[Exercise directions]:
All of the records that follow need to be copied word for word, without the pictures.

[Given records]:
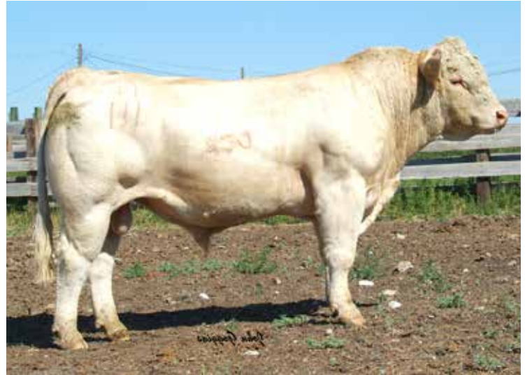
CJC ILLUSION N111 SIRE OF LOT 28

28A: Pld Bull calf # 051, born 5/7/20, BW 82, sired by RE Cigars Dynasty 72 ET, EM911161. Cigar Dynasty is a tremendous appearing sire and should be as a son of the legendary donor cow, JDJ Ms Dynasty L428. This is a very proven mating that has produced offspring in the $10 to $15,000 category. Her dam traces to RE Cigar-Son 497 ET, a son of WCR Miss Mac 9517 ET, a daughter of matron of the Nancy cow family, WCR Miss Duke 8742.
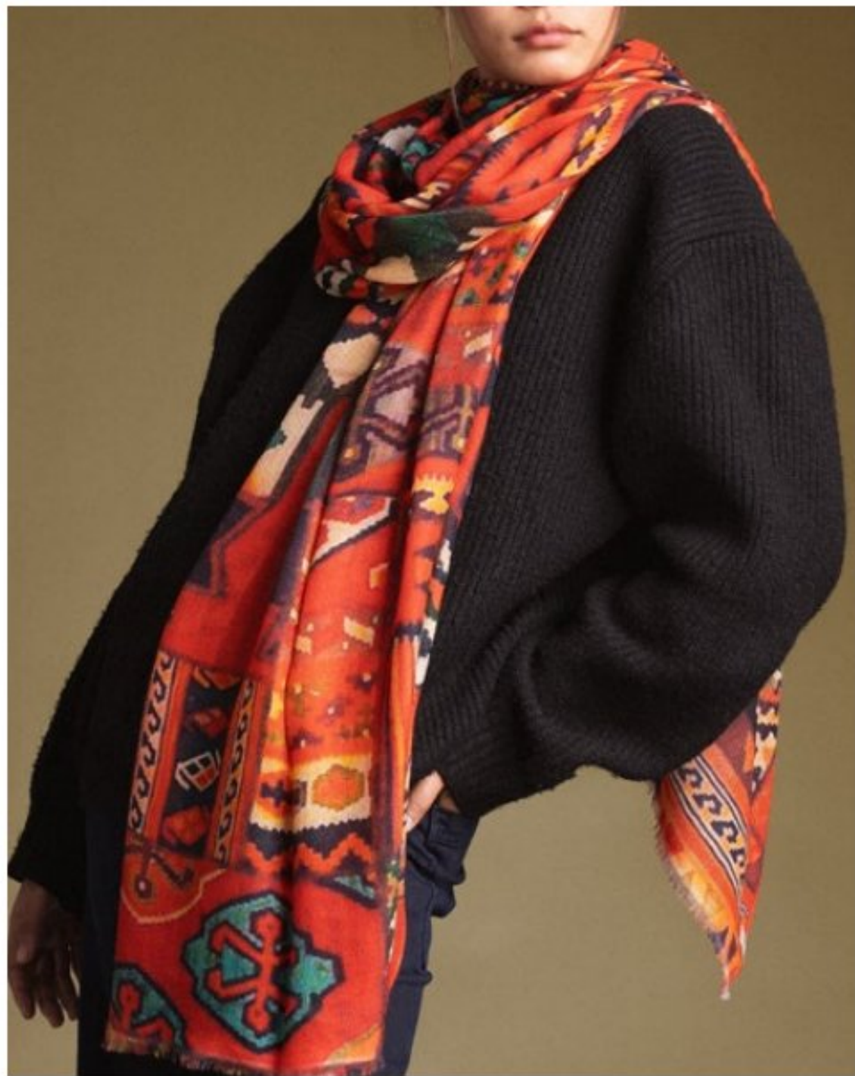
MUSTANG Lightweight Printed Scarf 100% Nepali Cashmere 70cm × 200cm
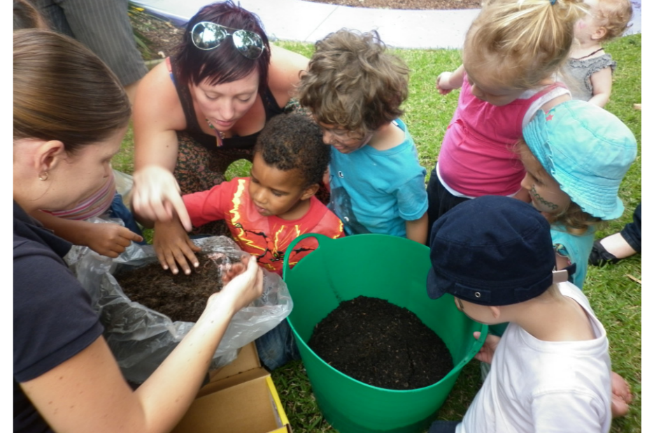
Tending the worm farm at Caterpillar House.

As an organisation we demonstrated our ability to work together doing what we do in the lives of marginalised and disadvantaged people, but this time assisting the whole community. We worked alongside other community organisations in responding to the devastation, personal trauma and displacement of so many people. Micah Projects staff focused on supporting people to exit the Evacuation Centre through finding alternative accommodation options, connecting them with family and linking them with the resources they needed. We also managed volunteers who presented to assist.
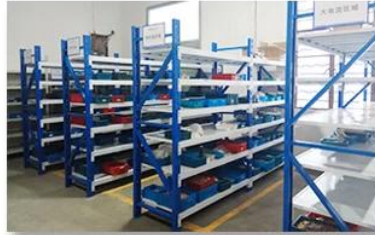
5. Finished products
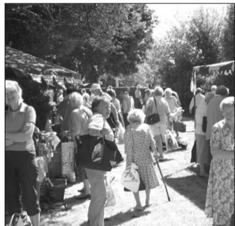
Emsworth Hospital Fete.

[Output below]:
CJC ILLUSION N111 SIRE OF LOT 28

28A: Pld Bull calf # 051, born 5/7/20, BW 82, sired by RE Cigars Dynasty 72 ET, EM911161. Cigar Dynasty is a tremendous appearing sire and should be as a son of the legendary donor cow, JDJ Ms Dynasty L428. This is a very proven mating that has produced offspring in the $10 to $15,000 category. Her dam traces to RE Cigar-Son 497 ET, a son of WCR Miss Mac 9517 ET, a daughter of matron of the Nancy cow family, WCR Miss Duke 8742.
MUSTANG Lightweight Printed Scarf 100% Nepali Cashmere 70cm × 200cm
Tending the worm farm at Caterpillar House.

As an organisation we demonstrated our ability to work together doing what we do in the lives of marginalised and disadvantaged people, but this time assisting the whole community. We worked alongside other community organisations in responding to the devastation, personal trauma and displacement of so many people. Micah Projects staff focused on supporting people to exit the Evacuation Centre through finding alternative accommodation options, connecting them with family and linking them with the resources they needed. We also managed volunteers who presented to assist.
5. Finished products
Emsworth Hospital Fete.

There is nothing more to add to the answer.